In this study, the simultaneous use of a multi-level converter (MLC) as a DC-motor drive and as an active battery cell balancer is investigated. MLCs allow each battery cell in a battery pack to be independently switched on and off, thereby enabling the potential non-uniform use of battery cells. By exploiting this property and the brake regeneration phases in the drive cycle, MLCs can balance both the state of charge (SoC) and temperature differences between cells, which are two known causes of battery wear, even without reciprocating the coolant flow inside the pack. The optimal control policy (OP) that considers both battery pack temperature and SoC dynamics is studied in detail based on the assumption that information on the state of each cell, the schedule of reciprocating air flow and the future driving profile are perfectly known.

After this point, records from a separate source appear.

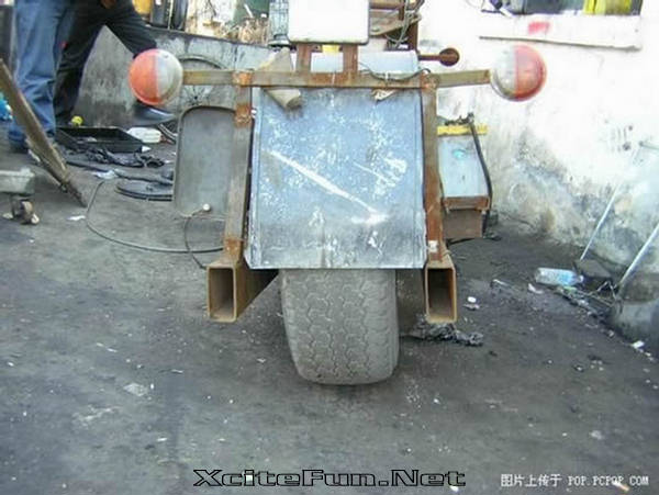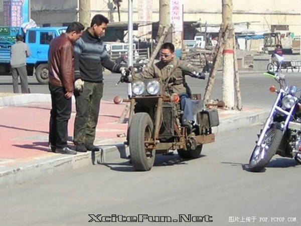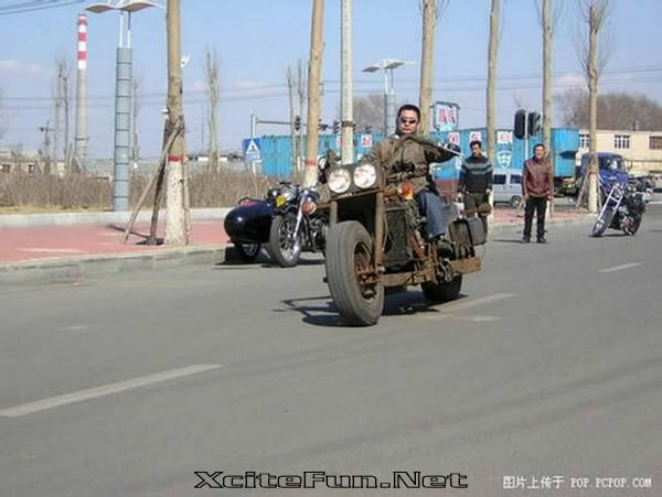 This Chinese dude proves to us all that if you want something really bad you can achieve it. He wanted a motorcycle, but he didn’t have the cash for a new one, so he built it from junk. It may not be the best-looking chopper you’ve ever seen, but it works, and that’s all that matters to this guy.
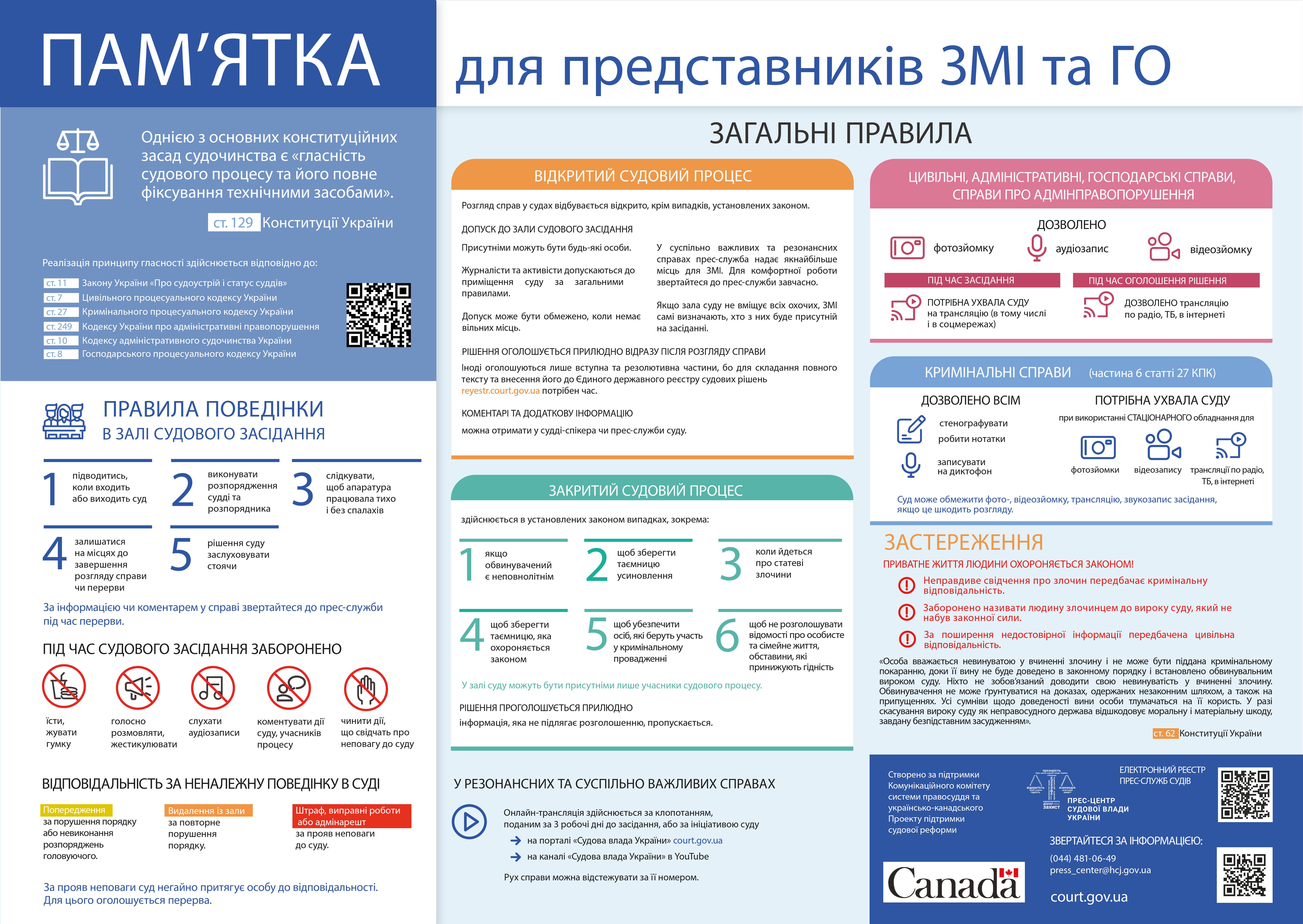 Оприлюднено єдину Пам’ятку для представників засобів масової інформації та громадських організацій, створену за підтримки Комунікаційного комітету системи правосуддя та Українсько-канадського Проекту підтримки судової реформи в Україні.
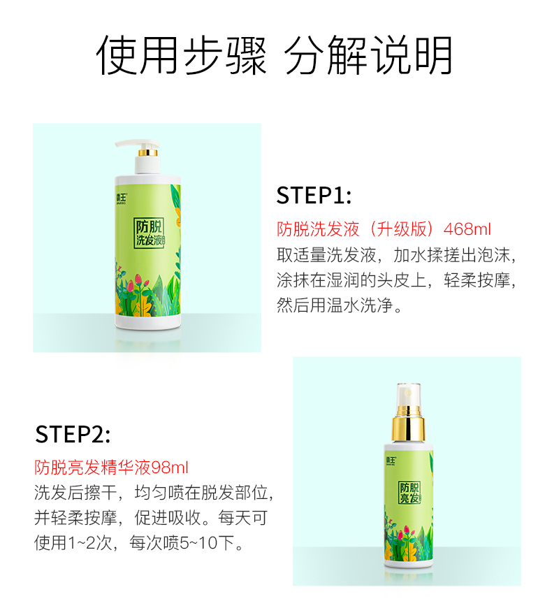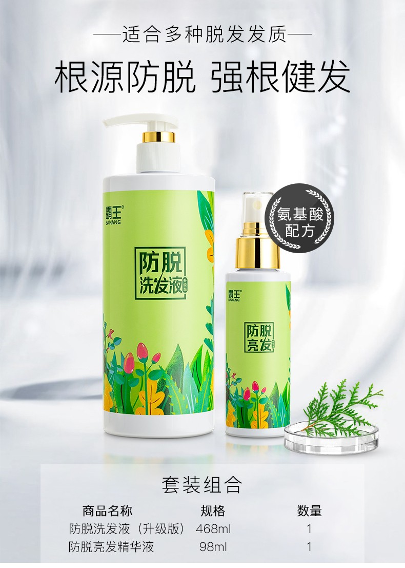 霸王防脱洗发液(升级版)468ml+防脱亮发精华液套装98ml

Results show that OP provides significant reductions in temperature and in SoC deviations compared with the uniform use of all cells even with uni-directional coolant flow. Thus, reciprocating coolant flow is a redundant function for a MLC-based cell balancer. A specific contribution of this paper is the derivation of a state-space electro-thermal model of a battery submodule for both uni-directional and reciprocating coolant flows under the switching action of MLC, resulting in OP being derived by the solution of a convex optimization problem.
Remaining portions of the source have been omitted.